Going to try some Agatha Christie next, which perennialy seems to be collecting dust on my shelf.
Sky Pride on royal road.
The description felt very generic eastern cultivation story. But I finally gave in and read it because of its long tenure in the top stories. Even though it is generic and plays standard tropes quite often I feel many of the elements are done well.
What I feel it handles best is the ugliness of a cultivation world. Or at least having a non psychopath OP that finds the psychopathy of the setting horrifying and trauma inducing.
I gave it a very fair shake and was mostly disappointed. The prose leans purple, the protagonist is... okay, but "quirky" in a manner I do not find charming. He's painfully earnest, and the feral child being resocialized deal overstays its welcome. It's been long enough that I've forgotten much of my criticism, but I'd describe it as a mid novel at best.
That's a shame, because To The Far Shore is up there in terms of novels I've read on RR. Post-post-apocalyptic Oregon Trail, with radiation magic and fallen civilizations rediscovering muskets and the ruins of hyper-advanced civilizations that came before? You bet I enjoyed it.
Both are by the same guy, which is annoying. It means Warby can write. He just can't write this.
Consider the starts. Mazelton begins media res, he arrives at TTFS ready to fire: paranoid Ma assassin with an almost pathological lack of empathy, an inventory of opinions about everyone in the room, instincts honed by a clan that treated "eat carrion if you must" as parenting advice.
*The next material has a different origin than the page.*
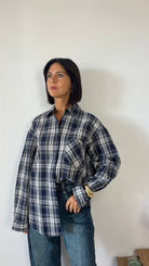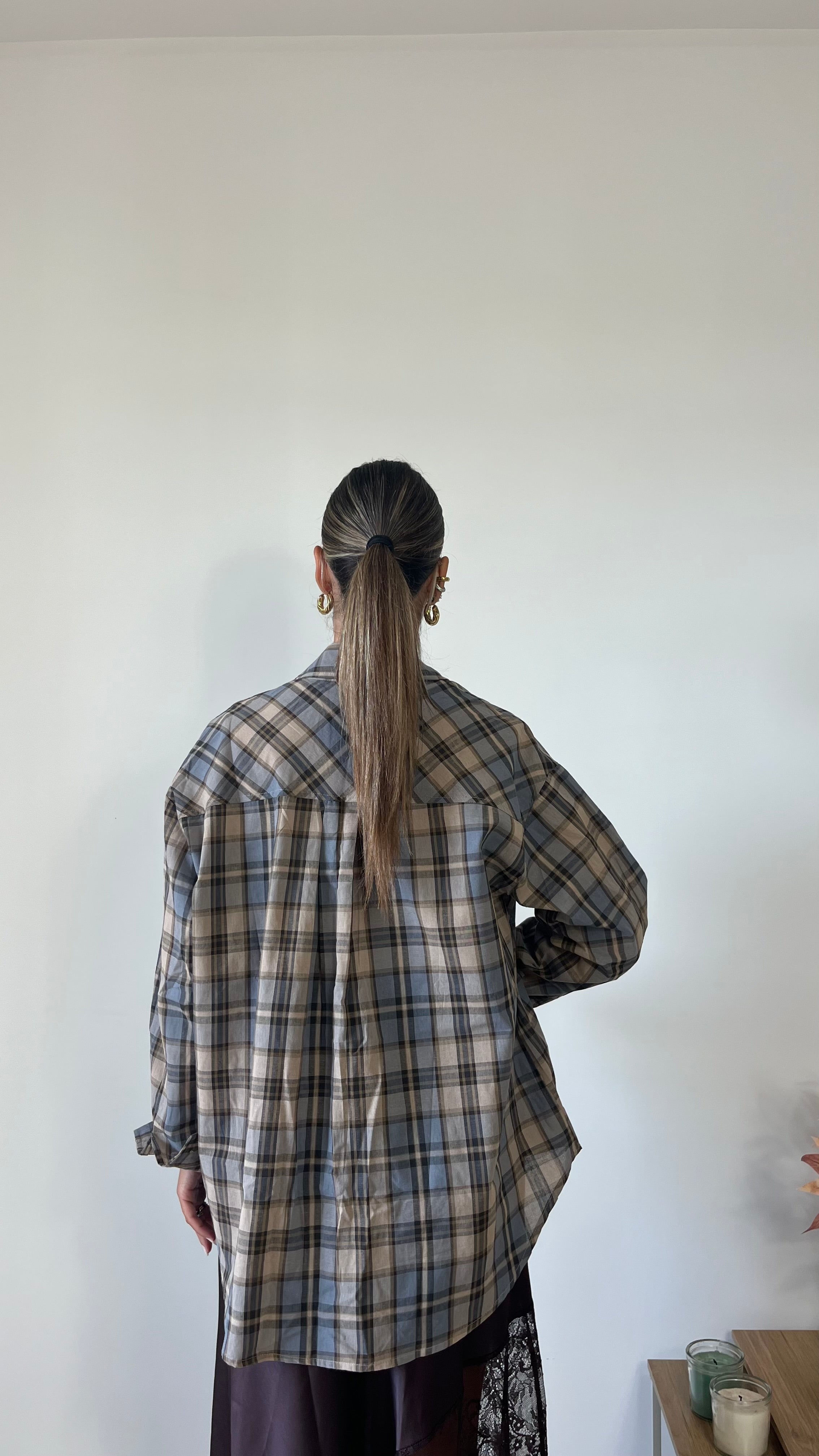La camicia ha una vestibilità oversize, con bottoni avanti ed ai polsi e taschino sul seno.

Tian arrives with nothing. The opening arc is the author manually installing a soul, one trauma-recovery beat at a time, and the prose is straining for emotional registers the protagonist can't yet supply. That's where the purple comes from. Lavender adjectives are what you reach for when your POV character is still booting up.
Xianxia compounds it. The genre wants a genuinely virtuous MC so cultivation breakthroughs feel earned, which makes "sweet boy from the trash heap" the obvious play. It is also rather played-out in the genre, and once Tian commits, his available range is roughly Pure to Slightly Less Pure. The supporting cast keeps trying to drag him somewhere more interesting. They were losing, when I gave up on it.
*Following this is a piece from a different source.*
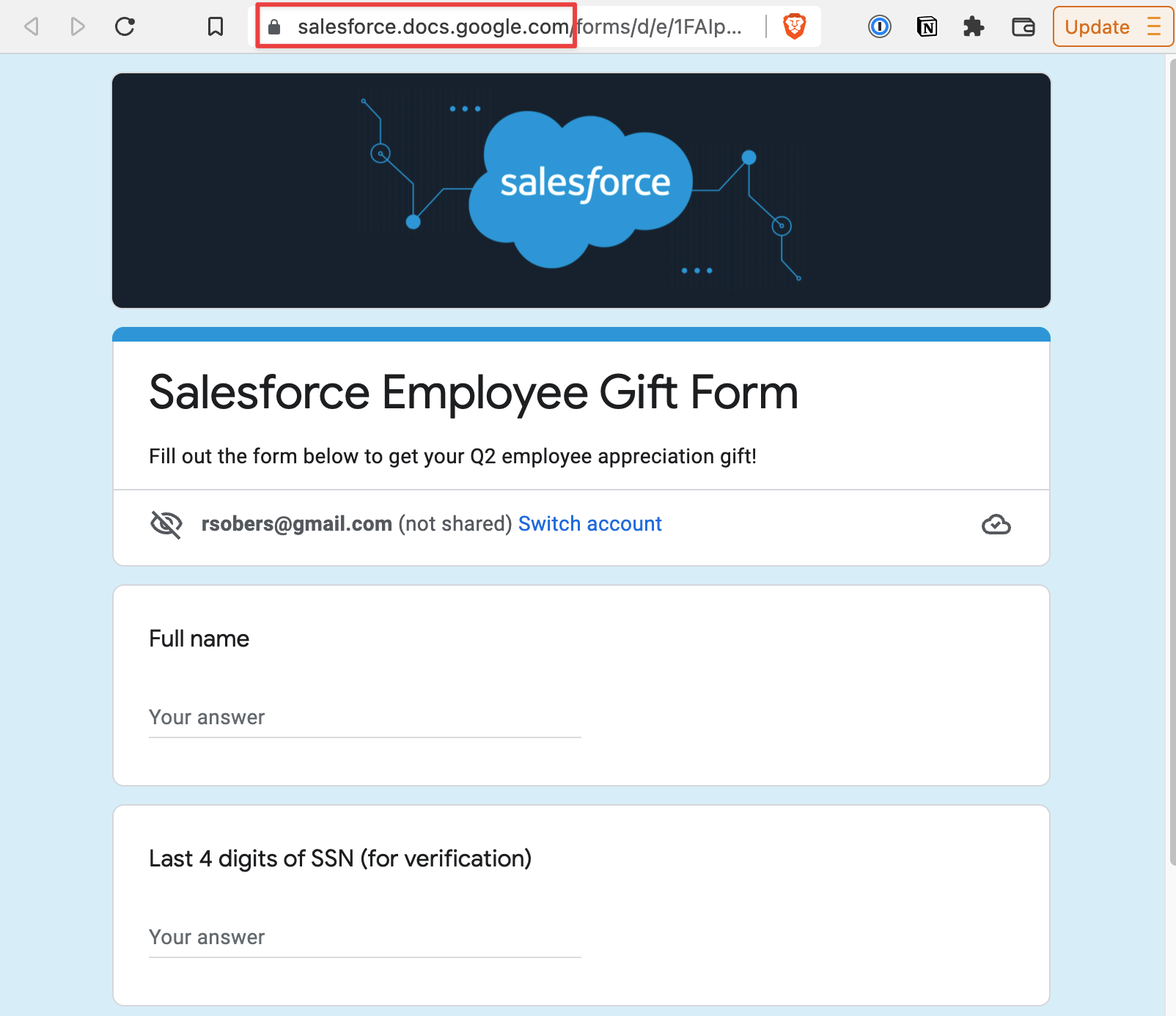 This Google Form was not created by Salesforce, yet we’re able to arbitrarily prepend their subdomain.

It's funny I was thinking of tagging you, since you are one of the only other cultivation enjoyers I know. But our tastes consistently do not align. To the point that I should be getting reverse recommendations from you, asking what you hate to find something I like.
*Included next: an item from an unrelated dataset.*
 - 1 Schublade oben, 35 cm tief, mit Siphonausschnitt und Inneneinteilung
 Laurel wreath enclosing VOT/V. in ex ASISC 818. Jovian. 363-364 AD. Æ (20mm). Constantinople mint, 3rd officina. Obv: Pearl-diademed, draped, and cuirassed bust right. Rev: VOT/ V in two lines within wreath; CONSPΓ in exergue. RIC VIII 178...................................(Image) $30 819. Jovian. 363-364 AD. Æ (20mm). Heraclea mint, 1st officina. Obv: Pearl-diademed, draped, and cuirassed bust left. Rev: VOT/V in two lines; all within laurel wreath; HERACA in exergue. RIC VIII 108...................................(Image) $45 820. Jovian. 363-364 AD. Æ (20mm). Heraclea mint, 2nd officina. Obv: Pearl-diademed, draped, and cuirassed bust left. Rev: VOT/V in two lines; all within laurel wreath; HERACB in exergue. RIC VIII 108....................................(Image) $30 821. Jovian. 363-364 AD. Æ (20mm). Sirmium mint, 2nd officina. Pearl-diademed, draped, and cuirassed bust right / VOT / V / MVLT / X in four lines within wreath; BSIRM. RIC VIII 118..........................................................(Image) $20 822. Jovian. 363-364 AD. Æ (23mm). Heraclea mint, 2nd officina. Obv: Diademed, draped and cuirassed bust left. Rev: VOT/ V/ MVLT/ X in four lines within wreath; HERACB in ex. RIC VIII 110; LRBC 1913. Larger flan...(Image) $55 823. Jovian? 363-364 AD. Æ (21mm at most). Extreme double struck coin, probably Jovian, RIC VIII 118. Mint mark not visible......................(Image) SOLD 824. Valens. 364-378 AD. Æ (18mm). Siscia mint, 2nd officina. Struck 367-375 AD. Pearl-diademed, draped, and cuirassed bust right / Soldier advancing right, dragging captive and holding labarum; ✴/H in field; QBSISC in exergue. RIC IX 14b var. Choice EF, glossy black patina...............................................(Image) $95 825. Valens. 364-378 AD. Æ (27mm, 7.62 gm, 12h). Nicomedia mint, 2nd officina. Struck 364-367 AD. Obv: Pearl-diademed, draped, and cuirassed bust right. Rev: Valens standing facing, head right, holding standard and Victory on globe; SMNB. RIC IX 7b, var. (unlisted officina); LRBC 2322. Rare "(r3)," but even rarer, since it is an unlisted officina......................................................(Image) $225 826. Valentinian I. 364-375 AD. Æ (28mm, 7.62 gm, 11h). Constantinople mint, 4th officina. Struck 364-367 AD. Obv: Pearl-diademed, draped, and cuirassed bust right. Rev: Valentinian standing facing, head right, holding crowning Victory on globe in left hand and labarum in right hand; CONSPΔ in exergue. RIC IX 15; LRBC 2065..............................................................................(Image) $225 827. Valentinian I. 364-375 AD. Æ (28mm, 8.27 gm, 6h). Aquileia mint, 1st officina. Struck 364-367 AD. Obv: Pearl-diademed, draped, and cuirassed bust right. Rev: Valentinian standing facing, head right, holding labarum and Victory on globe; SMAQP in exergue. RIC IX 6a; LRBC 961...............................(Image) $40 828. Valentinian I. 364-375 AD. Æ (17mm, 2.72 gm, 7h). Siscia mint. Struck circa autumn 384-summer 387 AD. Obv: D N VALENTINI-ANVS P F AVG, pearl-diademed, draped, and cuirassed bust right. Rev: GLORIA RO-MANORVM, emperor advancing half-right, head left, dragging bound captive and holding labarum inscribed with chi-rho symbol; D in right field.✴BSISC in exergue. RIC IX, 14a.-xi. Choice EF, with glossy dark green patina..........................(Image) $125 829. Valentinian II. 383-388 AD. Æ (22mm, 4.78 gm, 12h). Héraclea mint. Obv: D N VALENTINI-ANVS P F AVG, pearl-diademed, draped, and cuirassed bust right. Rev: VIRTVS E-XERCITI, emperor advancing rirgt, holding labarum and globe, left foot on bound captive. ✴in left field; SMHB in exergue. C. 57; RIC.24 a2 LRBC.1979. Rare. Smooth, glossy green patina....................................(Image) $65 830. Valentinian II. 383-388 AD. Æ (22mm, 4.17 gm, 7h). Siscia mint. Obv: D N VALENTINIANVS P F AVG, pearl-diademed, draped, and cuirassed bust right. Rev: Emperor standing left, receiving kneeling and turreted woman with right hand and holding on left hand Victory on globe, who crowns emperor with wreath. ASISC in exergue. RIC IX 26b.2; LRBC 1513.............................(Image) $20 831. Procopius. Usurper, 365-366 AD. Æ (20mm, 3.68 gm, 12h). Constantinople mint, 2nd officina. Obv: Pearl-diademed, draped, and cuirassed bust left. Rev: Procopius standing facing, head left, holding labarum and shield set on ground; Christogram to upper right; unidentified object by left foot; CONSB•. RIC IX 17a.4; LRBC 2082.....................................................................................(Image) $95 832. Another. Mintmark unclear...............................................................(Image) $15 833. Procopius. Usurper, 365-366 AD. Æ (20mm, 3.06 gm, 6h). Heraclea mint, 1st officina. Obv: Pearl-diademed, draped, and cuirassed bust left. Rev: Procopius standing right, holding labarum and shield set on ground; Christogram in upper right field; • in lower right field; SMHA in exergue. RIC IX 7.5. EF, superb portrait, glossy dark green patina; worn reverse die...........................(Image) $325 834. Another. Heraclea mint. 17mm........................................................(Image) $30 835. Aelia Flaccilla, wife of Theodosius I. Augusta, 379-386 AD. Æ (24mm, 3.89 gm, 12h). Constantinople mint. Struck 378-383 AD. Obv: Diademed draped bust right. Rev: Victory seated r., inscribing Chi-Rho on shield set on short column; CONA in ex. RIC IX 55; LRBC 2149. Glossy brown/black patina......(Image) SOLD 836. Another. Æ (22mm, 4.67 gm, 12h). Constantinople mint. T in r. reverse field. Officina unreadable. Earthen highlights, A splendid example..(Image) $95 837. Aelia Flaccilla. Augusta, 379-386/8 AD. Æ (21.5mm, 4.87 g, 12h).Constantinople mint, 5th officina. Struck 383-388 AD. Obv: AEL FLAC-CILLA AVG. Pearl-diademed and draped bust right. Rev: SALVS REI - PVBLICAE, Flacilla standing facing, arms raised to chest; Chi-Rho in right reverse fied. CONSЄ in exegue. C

I'm not sure I agree with the "purple prose" accusation. I do find there are stories where I will just skip over things and feel that I'm not missing anything. This isn't really one of those stories.
One thing that is described quite often is the elemental cycle. If you know the cycle already I can see how this feels like purple prose. I do not, and constantly forget it. The in text reminders are helpful not extraneous for me.
I also struggle with Eastern names. The author does seem to go out of their way to reintroduce characters or at least make it very clear who they are. If you don't struggle with names these parts would also be wasted on you.
The main character's earnestness is one of my favorite parts of the story. Psychopath MCs are incredibly hard for me to stomach, but so are whiny bitch MCs. It feels like Tian is far from either of those pitfalls.